O município de Breves foi criado pela Resolução nº 200, de outubro de 1851, com a elevação da Freguesia de Nossa Senhora dos Breves à condição de Vila.

Durante o período colonial, na chamada Missão dos Bocas, dois irmãos portugueses se estabeleceram: o primeiro, Manoel Maria Fernandes Breves, era solteiro e o segundo, Ângelo Fernandes Breves era casado com Inês de Souza.

Com a instalação de toda a família na região, o capitão-general João de Abreu Castelo Branco, em 19 de novembro de 1738, concedeu a Manoel uma sesmaria, que foi confirmada pelo rei de Portugal, a 30 de março de 1740.

No local de suas terras, Manoel construiu um engenho que denominou Santana, além de fazer, também, plantação de roças, ficando o sítio conhecido como "Lugar dos Breves".

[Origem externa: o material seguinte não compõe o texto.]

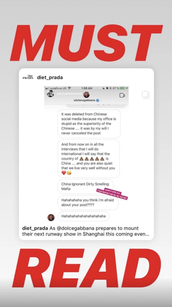 The video was posted ahead of the fashion house’s “Great Fashion Show” in Shanghai, a $12 million production that was abruptly cancelled following co-founder Stefano Gabbana posting racial slander on his personal social media. In screenshots posted by Diet Prada, the verified account of Stefano Gabbana is seen sending out messages which read, “From now on in all the interview that I will do international I will say that the country of [series of poop emojis] is China” and “China Ignorant Dirty Smelling Mafia,” among other insults.

Depois de instalada, em 1738, a família dos irmãos Breves, no furo Pararau, outros parentes se juntaram, dando ao local tal desenvolvimento que, 1781, Manoel Maria Fernandes Breves e outras famílias requereram ao capitão-general José de Nápoles Tello de Menezes que concedesse ao sítio o procedimento de lugar, que através de uma portaria de 20 de outubro daquele ano, passou a chamar-se de Santana dos Breves, incluindo, também, terras de Melgaço.

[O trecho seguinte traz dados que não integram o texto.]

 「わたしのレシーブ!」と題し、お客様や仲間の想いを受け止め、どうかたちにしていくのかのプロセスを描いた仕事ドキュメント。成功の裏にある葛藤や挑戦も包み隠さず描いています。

Com o falecimento dos irmãos, Saturnina Teresa ficou como única proprietária, em 1854, da antiga sesmaria dos Breves e, ao tentar reivindicar seu patrimônio, nada conseguiu. Esta última representante da família era analfabeta e, segundo Palma Muniz, nada se conseguiu obter do destino e do nome dos seus sucessores.

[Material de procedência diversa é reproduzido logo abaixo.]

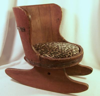 Title (ebay affiliate link): RARE Unique Vintage Folk Art Child or Doll Whiskey Barrel Rocking Chair Rocker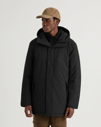 Kanuk's bestselling jacket, Mont-Royal is a mid-length insulated coat built for daily wear. - Comfort zone: -20°C to -25°C - Duck down fill - Fixed hood with bungee drawcord - Center front zipper with snap placket - Zippered hand pockets - Inset storm cuffs Fabric details & care - Water-resistant, breathable, windproof - Shell: Mini-Ottoman in 100% recycled polyester - Lining: Soft Touch in 100% polyester - Insulation: 90/10 RDS duck down, 800 fill power - Dry clean only Sizing & fit - Center back length for size M: 33.5" / 85 cm - Relaxed fit - Model is 6'3" and wears a size M - Fits true to size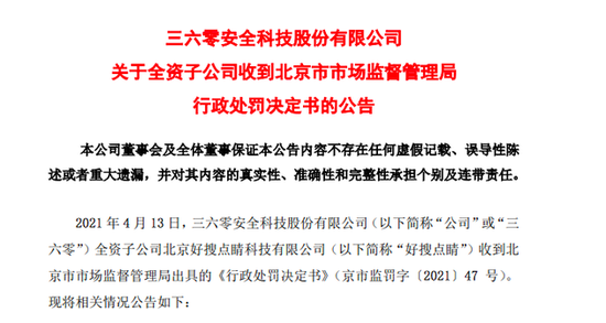 商业 360回应被罚200万:罚款已及时缴纳 2021-04-14 09:58:51 分享 来源:新浪科技4月13日晚间消息,三六零公告称,北京市市场监督管理局对好搜点睛(360搜索)处以罚款200万元的行政处罚。三六零诚恳接受并坚决服从上述处罚决定,已按照相关要求于2021年4月13日及时缴纳罚款,罚款金额将计入当期损益,对公司经营业绩不会产生重大影响。

Até a Lei nº 172, de 30 de novembro de 1850, que lhe conferiu a categoria de Freguesia, com nome de Nossa Senhora Santana de Breves, o lugar pertenceu, sucessivamente, a Melgaço e Portel. Pela resolução nº 200, de 25 de outubro de 1851, foi elevada à categoria de Vila e, portanto, criado o Município, ao qual ficou anexado o território da vila de Melgaço, que perdeu sua autonomia pelo ato. Apesar de a resolução haver extinto o município de Melgaço e criado a vila dos Breves, de fato, não ocorreu a extinção do citado Município, pois o ofício da presidência da Província, de 24 de março de 1852, apenas transferiu a Câmara de Melgaço para a nova Vila, ficando a sede municipal, de direito, em Breves, a de fato, em Melgaço.

O crescente e acentuado desenvolvimento do rio Anajás e sua região fez com que, em 1869, pela Lei nº 596, de 30 de setembro, fosse criada a freguesia de Menino Deus do Anajás, tendo sido complementada com a Lei nº 637, de 19 de outubro de 1870, que estabeleceu a incorporação ao município de Breves de todo o território dessa freguesia que, anteriormente, pertencia a Chaves.

A delimitação do Município foi estabelecia no governo de Augusto Montenegro, pelo decreto nº 1.201, de 18 de outubro de mesmo ano.

No período de 1903-1906 o Conselho Municipal de Breves, através da Lei Municipal nº 190, de 22 de dezembro de 1905, autorizou o intendente municipal, coronel Lourenço de Mattos Borges, a mudar a sede do Município para outro local. O povoado escolhido obteve a categoria de vila com a denominação de Antônio Lemos, pela Lei nº 989, de 31 de outubro de 1906, e pelos decretos 1.508 e 1.509, de 4 de maio de 1907, foram transferidas para lá as sedes do Município e da Comarca de Breves, que foram instalada, em 13 de maio do mesmo ano.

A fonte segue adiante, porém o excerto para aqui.